Seeing the whole picture in 3D scans

Liver tumors are notoriously difficult to outline because they vary widely in size and shape and often blend into the surrounding tissue. Traditional deep-learning tools called convolutional neural networks (CNNs) are very good at spotting fine details in images, but they struggle to understand long-range relationships—how a structure in one part of a scan relates to another far away. Newer models called Transformers can capture this broad context but become extremely expensive to run on large 3D CT volumes, limiting their practicality in real hospitals. The authors argue that to truly succeed, a system must be both detail-oriented and globally aware, without demanding supercomputer levels of power.

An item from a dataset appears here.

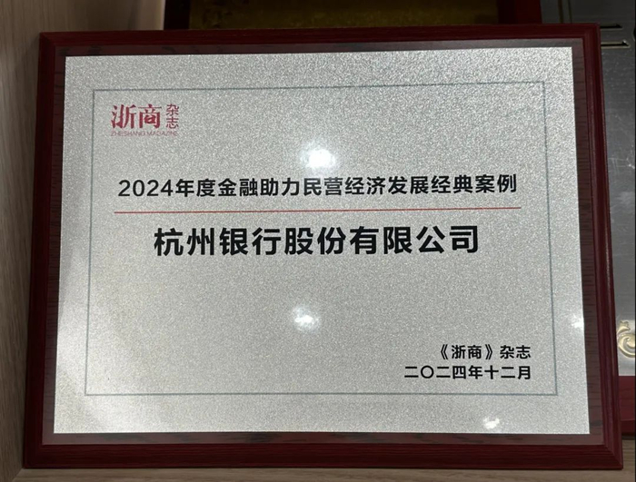 喜报 | 杭州银行获评“2024 年度金融助力民营经济发展经典案例”
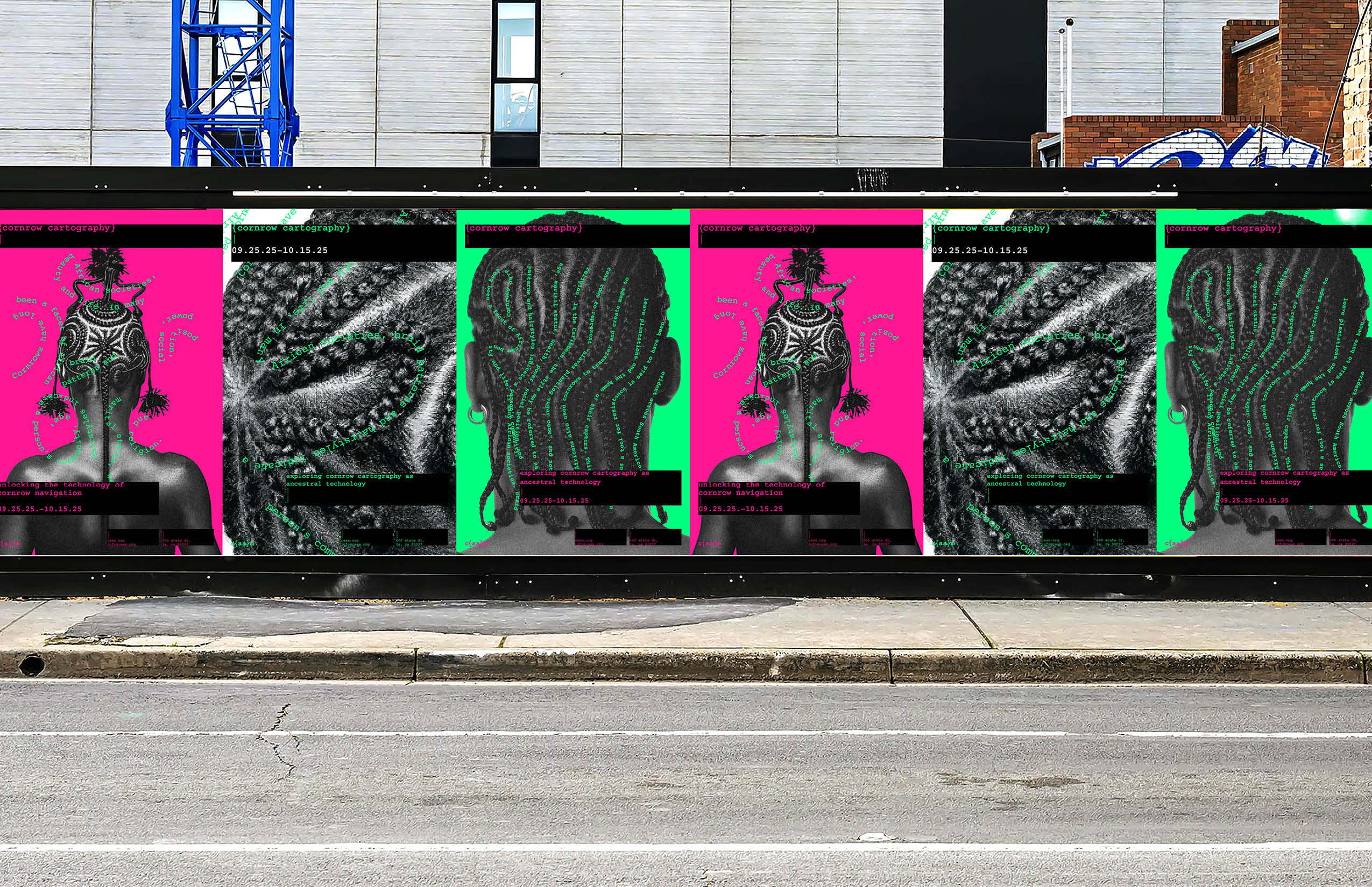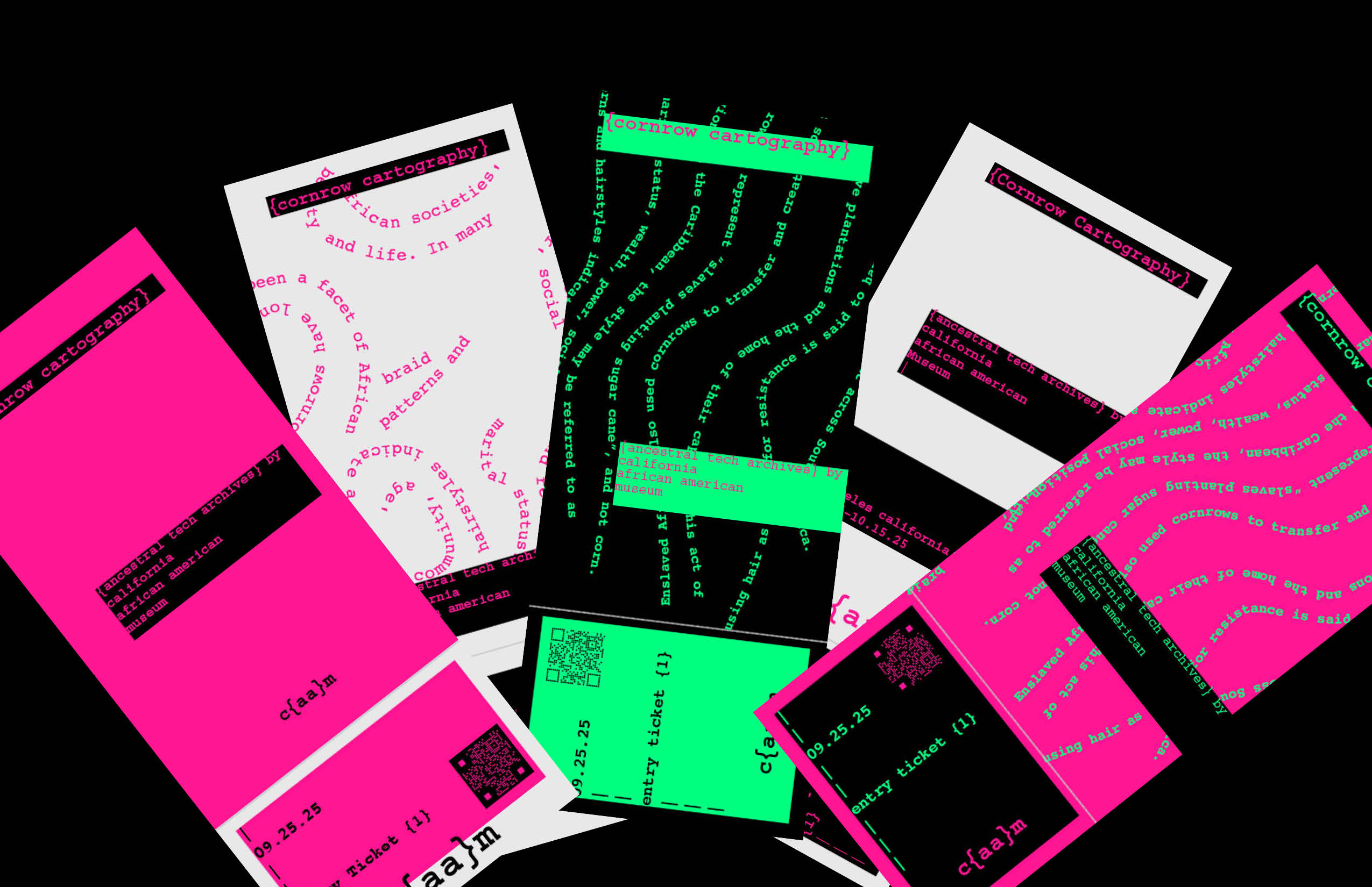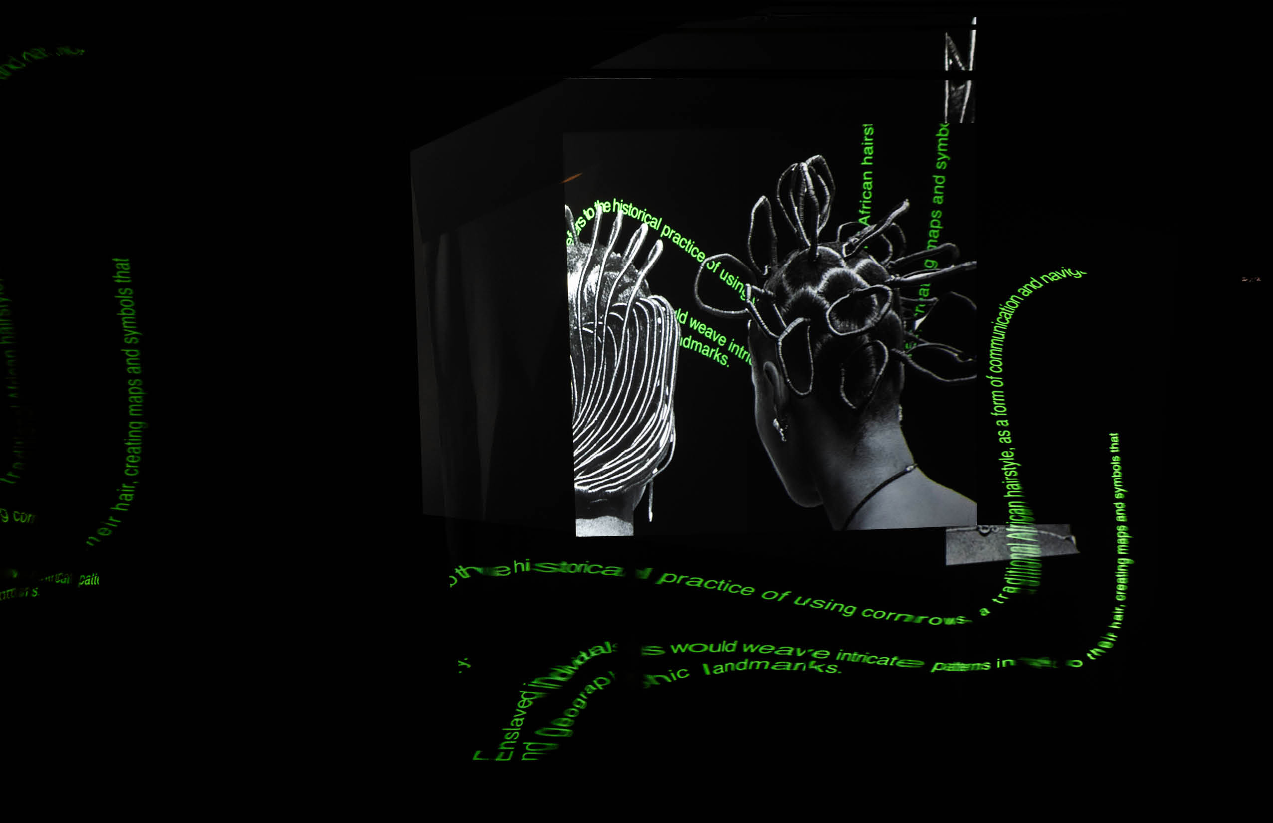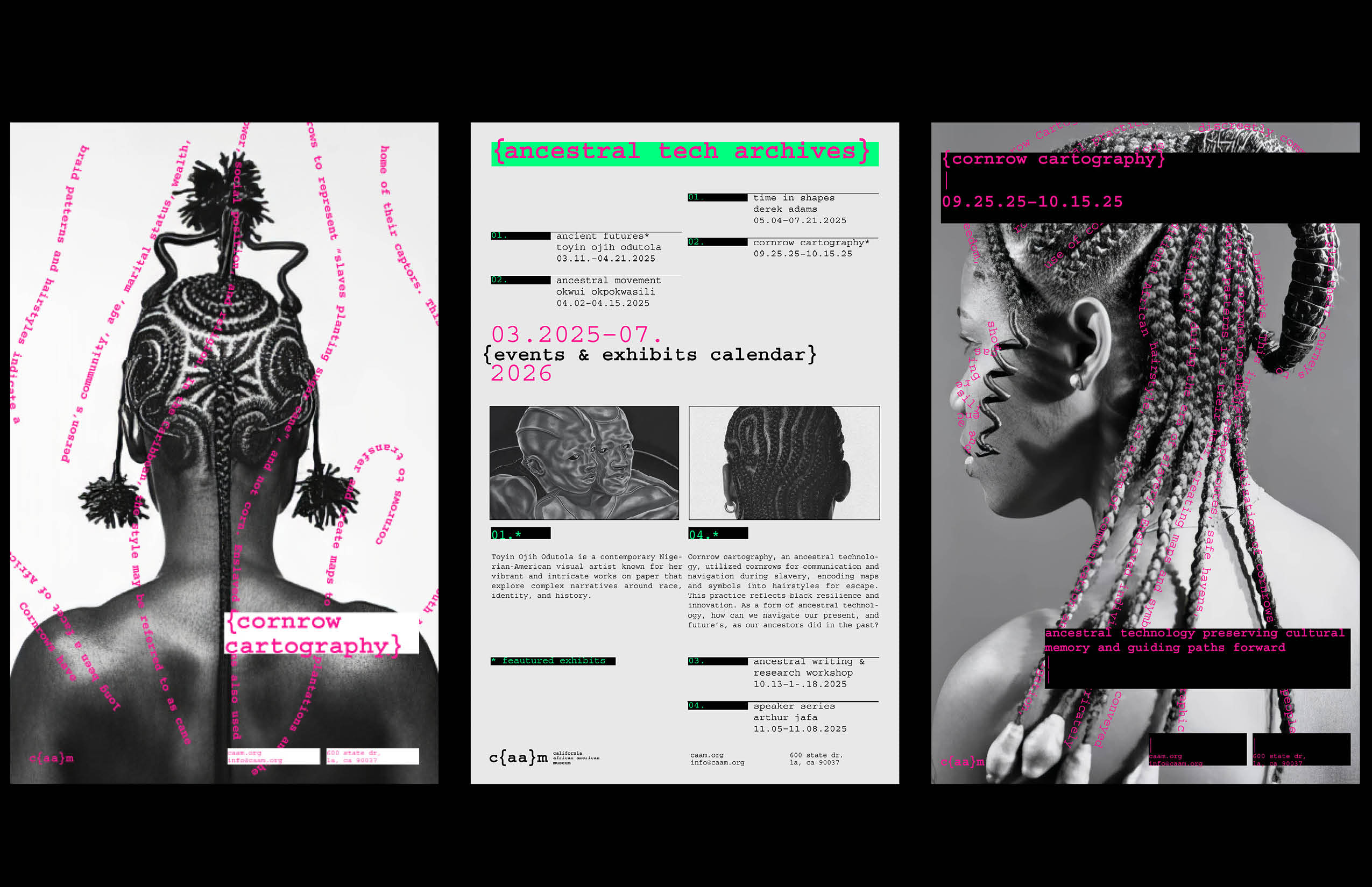 Cornrow Cartography is a featured exhibition at the California African American Museum, part of the Ancestral Tech Archive. In this exhibition, I conceptualize cornrows as a form of navigation. It invites the audience to engage with a familiar cultural tradition—braiding cornrows—and explores the knowledge embedded within them.

A new hybrid brain for medical images

To meet this need, the researchers designed the HMC-Transducer, a hybrid architecture that marries CNNs with a newer family of models called state space models, specifically one known as Mamba. The CNN parts focus on crisp local details such as sharp tumor edges. The Mamba parts track how information flows across an entire 3D scan while using only linear computing cost, avoiding the steep growth seen in Transformers. A specially designed “direction-aware 3D Mamba” block processes the scan along three axes—head-to-foot, left-to-right, and front-to-back—so that the model respects real anatomical structure instead of flattening the volume into a one‑dimensional string of numbers.

Figure 1
Figure 1.

Letting the model decide what matters where

A central innovation is how these two types of features are combined. Rather than simply adding or stacking the CNN and Mamba outputs, the HMC-Transducer uses a gated fusion mechanism that learns, for every tiny region in the scan, how much to trust local detail versus global context. In areas with clear, sharp boundaries, the gate can lean on CNN features; where tumors are fuzzy, infiltrative, or sit near major blood vessels, it can give more weight to the broader view from Mamba. Experiments show that this adaptive blending produces tighter, more stable segmentations than either CNNs or Mamba-based models alone, and clear improvements over earlier hybrid designs that fuse features in a fixed, non-adaptive way.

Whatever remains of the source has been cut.